| What this task involves |
Pictures in the entries below are excluded; copy only the lines from the one containing "ЧИТАЙТЕ ТАКОЖ: Саакашвілі" to the one containing "Per-pupil spending in", both included.

>>>>

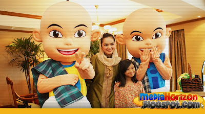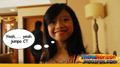 Tiah sendiri sebenarnya merupakan peminat no 1 Dato CT yang sering menyebut nama CT sekiranya ditanya oleh media siapakah artis kegemaran Tiah. Bagaikan mimpi jadi kenyataan Tiah disebaliknya terkaku dan terdiam sebaik sahaja ternampak kelibat CT di dalam Royal Suite Hotel Nikko yang dijadikan lokasi pengambaran kali ini. Sambil mencuit Mamanya inginkan kepastian, dia masih dalam keadaan separuh percaya. Sebenarnya bukan Tiah saja yang hampir tidak percaya, malahan saya bersama beberapa team Upin & Ipin juga tergamam melihat CT yang berada di depan mata. Berada di dalam photoshoot tertutup memudahkan saya untuk bergambar serta berborak santai bersama CT. CT yang pertama kali berjumpa dengan maskot Upin & Ipin pula nampaknya sangat teruja dan gembira. CT yang begitu mesra ini sangat sopan dan merendah diri. Malahan CT lah yang pertama sekali yang mengeluarkan hasrat untuk bergambar bersama Upin & Ipin. Saya bersama Afiq yang malu-malu awalnya akhirnya mengeluarkan DLSR masing-masing dan mengambil gambar dari pelbagai sudut yang termampu.
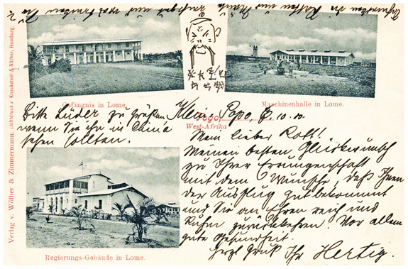 06.10.1910: Ansichtskarte "Togo / West-afrika (Motive: Gefängnis in Lome, Maschinenhalle Lome & Regierungs-Gebäue) mit 5Pf (Mi.8) und 2x Stempel KLEIN-POPO an Herrn Rott "z.z. China..". Absender ist der Postmeister Hertig aus "Klein-Pop".
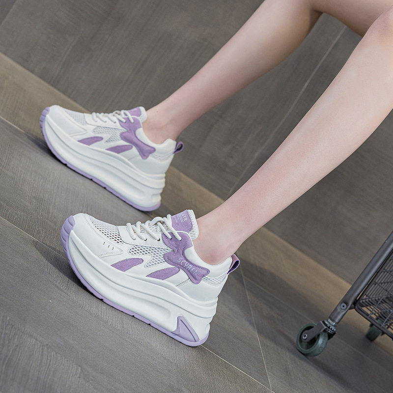 内增高女鞋小个子夏天穿的鞋子2025新款小白鞋网面透气休闲运动鞋
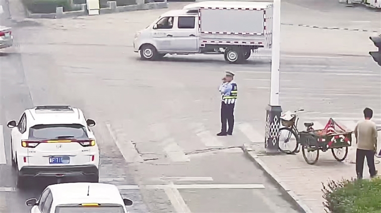 保定晚报讯(记者耿静)10月27日,保定市民的微信朋友圈里纷纷转发点赞一段视频,在曲阳车站路口,一名交警怀里抱着一个幼童,在路口来回踱步疏导交通,这一幕正好被路口的监控视频以及路过车辆的行车记录仪拍了下来。
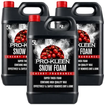 3 x 5 Litres Pro-Kleen Cherry Snow Foam with Wax The Ultimate Pre Wash containing a high amount of Wax to leave your car shining after washing Advanced formula to safely lift the toughest dirt from car body work Will also remove dirt and film from alloys, car windows and mirrors. Suitable for use on all car exteriors
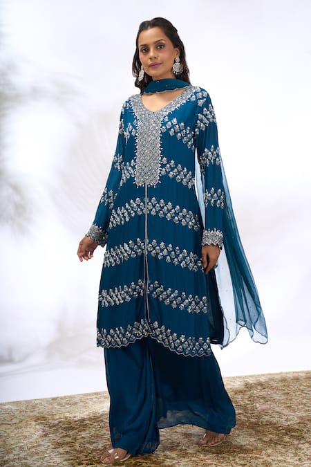 Buy_Samyukta Singhania_Blue Georgette Embroidery, Sequins V-neck Work Kurta Set _at_Aza_Fashions
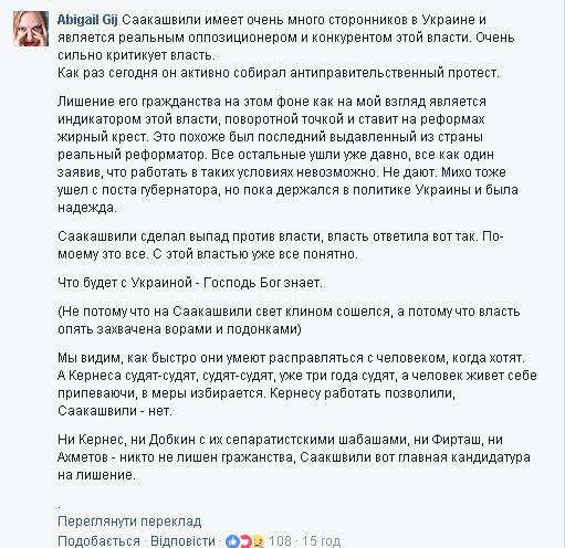 ЧИТАЙТЕ ТАКОЖ: Саакашвілі записав відеозвернення з приводу позбавлення його громадянства
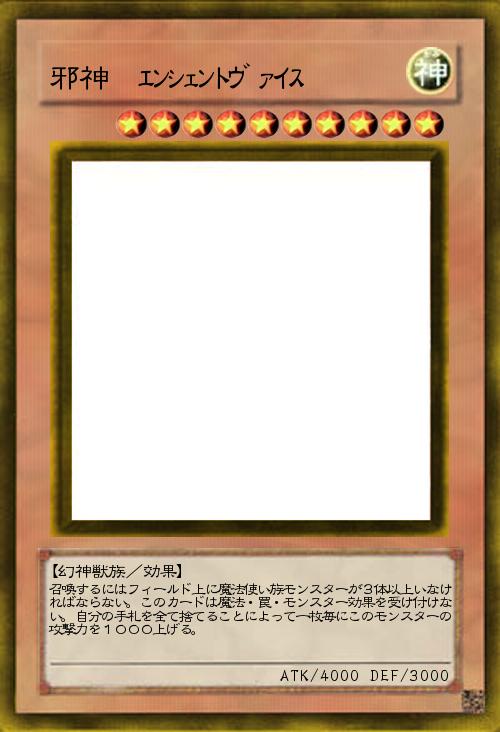 | 召喚するにはフィールド上に魔法使い族モンスターが3体以上いなければならない。このカードは魔法・罠・モンスター効果を受け付けない。自分の手札を全て捨てることによって一枚毎にこのモンスターの攻撃力を1000上げる。 | |||
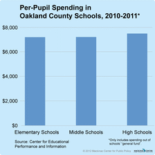 Per-pupil spending in high schools on average in Oakland County was only 4 percent more than what is spent on average in elementary schools.
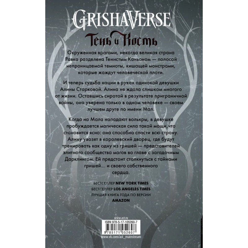 «Тень и кость» - дебютный роман Ли Бардуго, автора бестселлеров «Шестерка воронов» и «Продажное королевство». Книга, с которой началась история гришéй - людей с магическими способностями. Алина Старкова - семнадцатилетняя девушка-сирота, которую отправили на войну в приграничную зону. Она знает, что, возможно, не переживет свой первый бой. Но дороже жизни ей Мал - ее единственный друг, которого она боится потерять. Когда на них нападают волькры - монстры, враждебные порождения тьмы, - Алина неожиданно открывает в себе силу, о которой не подозревала. Магия Алины так сильна, что становится ясно: она способна спасти всю страну. Алину увозят в королевский дворец, где будут тренировать как одну из гришей - представителей элитного сообщества магов во главе с загадочным Дарклингом. Ей предстоит столкнуться с тайнами гришей… и своего собственного сердца. Книга вошла в список бестселлеров New York Times и Los Angeles Times; права на ее экранизацию приобрел продюсер Дэвид Хейман - человек, благодаря которому увидели свет фильмы о Гарри Поттере. Роман был переведен на 22 языка. Впервые на русском!
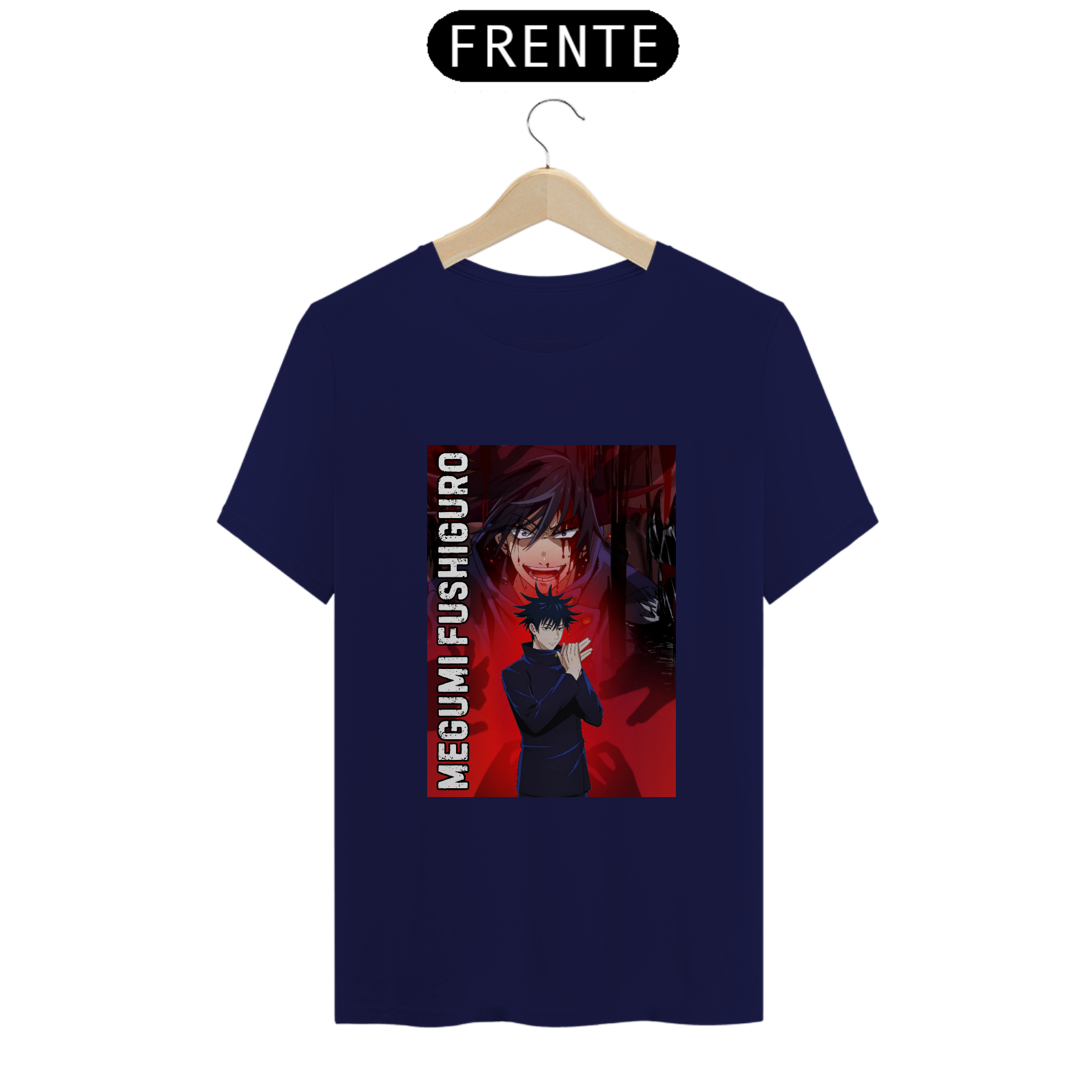 A T-Shirt Classic Megumi Fushiguro | Sombras em Movimento traz o jovem feiticeiro em pose de invocação, com as mãos prontas para liberar seus shikigamis através da técnica das Dez Sombras. A arte é envolvente, com tons escuros, sombras dançantes ao fundo e toques de azul profundo que destacam sua energia amaldiçoada controlada com precisão.
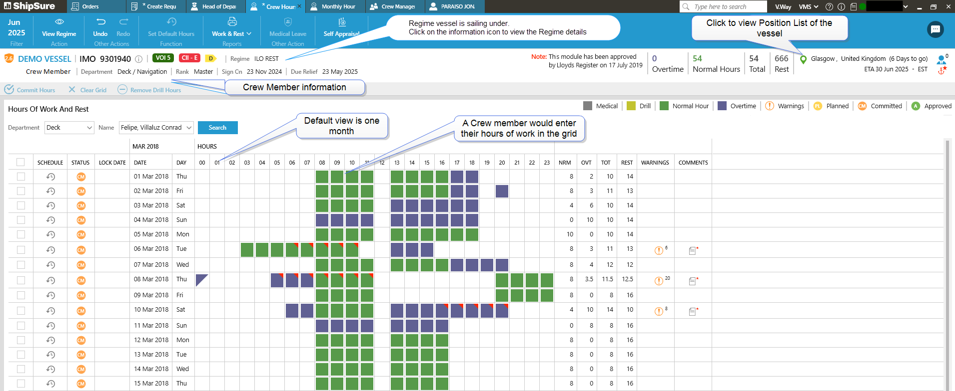 Within ShipSure - the Work and Rest Module enables the user to perform operational and technical functions involved in vessel operations
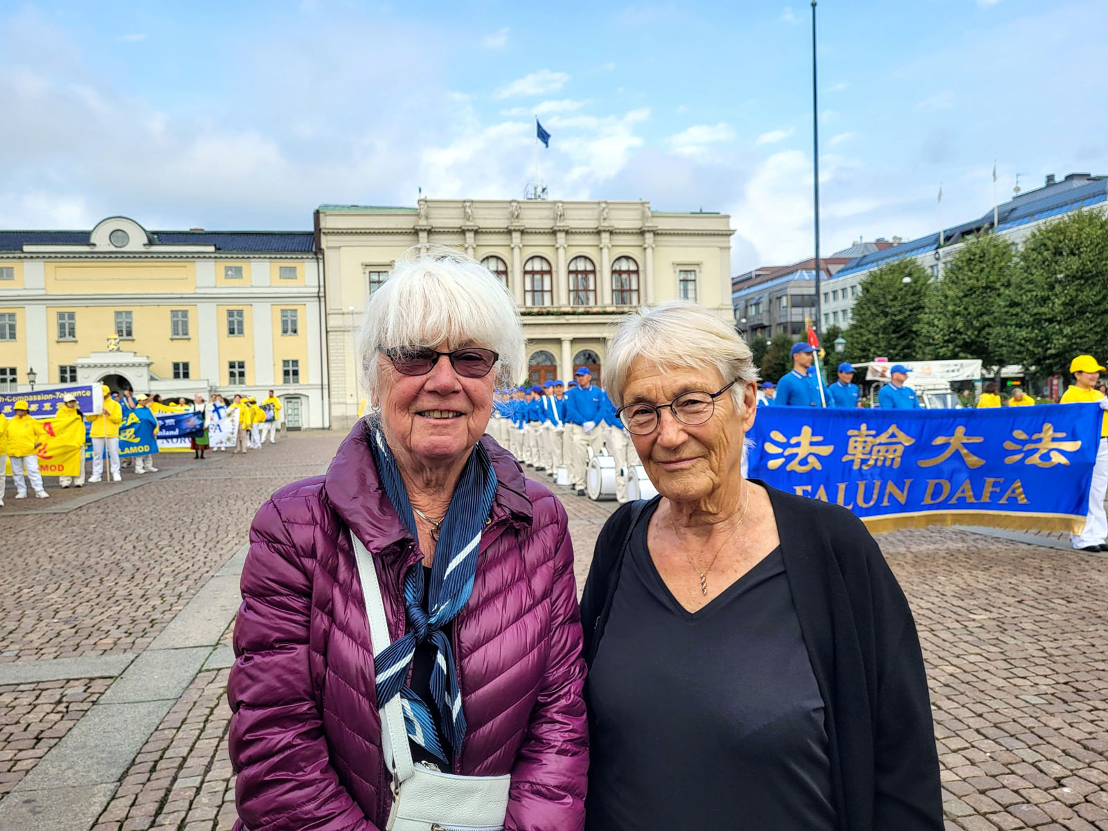 Gospođa Lotta, 80, i gospođa Kristel, 76, su oboje stanovnice Geteborga. Gospođa Kristel je kazala da Falun Dafa prakticira dvije godine. Pročitala je glavnu knjigu Falun Dafa, Zhuan Falun, dva puta i kazala je da je praksa održava zdravom, te da knjigu vrijedi čitati iznova i iznova.
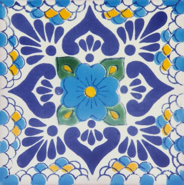 Mexikanische Mosaik Fliesen Azul – Handgefertigte Keramikmosaik, 30 Wandfliesen desselben Designs, Eine Keramik fliese hat die Maße 10,5x10,5 cm
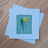 Made from a lovely pink linen, it depicts a couple of red tulips sewn using free motion embroidery over appliqued snippets of fabric. Details and depth are added with various coloured threads.
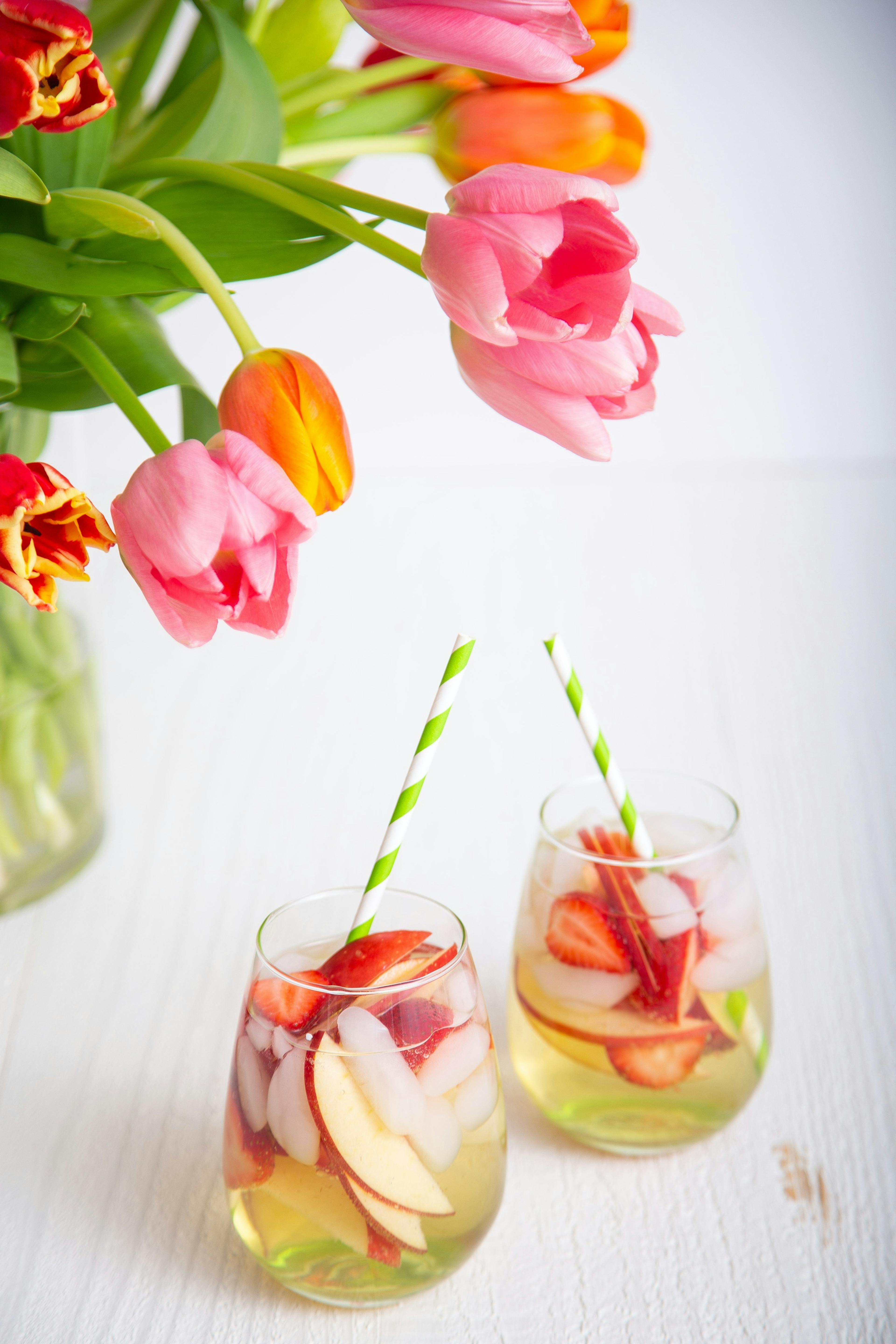 Bebida refrescante de manzana con fresas y cítricos.
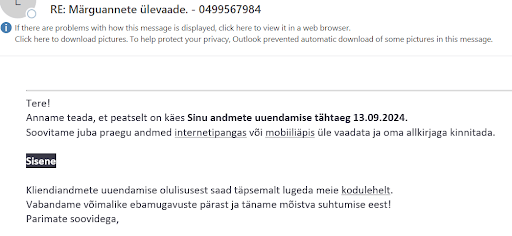Ohver vajutab e-kirjas või SMS-is olevale veebilingile ja satub panka matkivale õngitsuslehele.
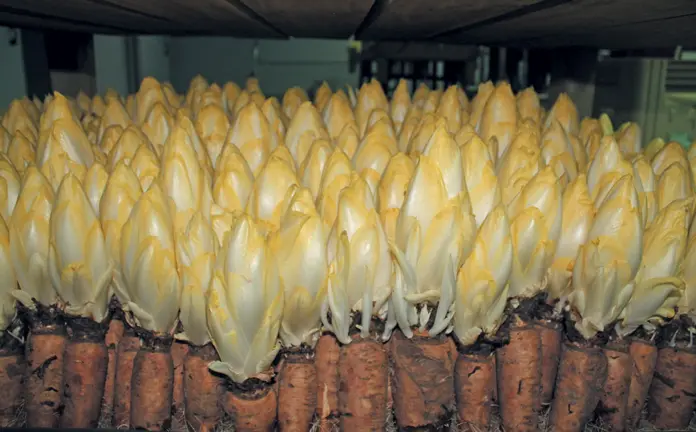 The process must take place entirely in the dark so that the shoots that form on the roots remain white.
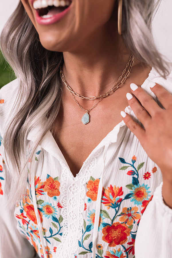 This adorable necklace is just waiting on you to add it to your cart! It features two layered gold link chains with a semi precious turquoise pendant!
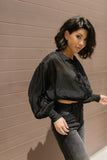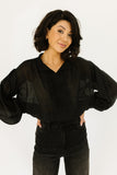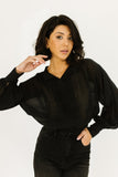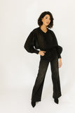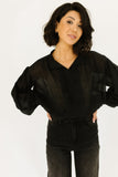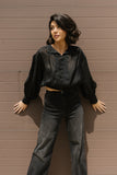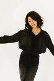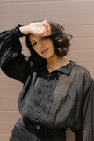 • black // collared, working buttons, elastic hem, cuffed sleeves

<<<<

| Result of this task |
 ЧИТАЙТЕ ТАКОЖ: Саакашвілі записав відеозвернення з приводу позбавлення його громадянства
 | 召喚するにはフィールド上に魔法使い族モンスターが3体以上いなければならない。このカードは魔法・罠・モンスター効果を受け付けない。自分の手札を全て捨てることによって一枚毎にこのモンスターの攻撃力を1000上げる。 | |||
 Per-pupil spending in high schools on average in Oakland County was only 4 percent more than what is spent on average in elementary schools.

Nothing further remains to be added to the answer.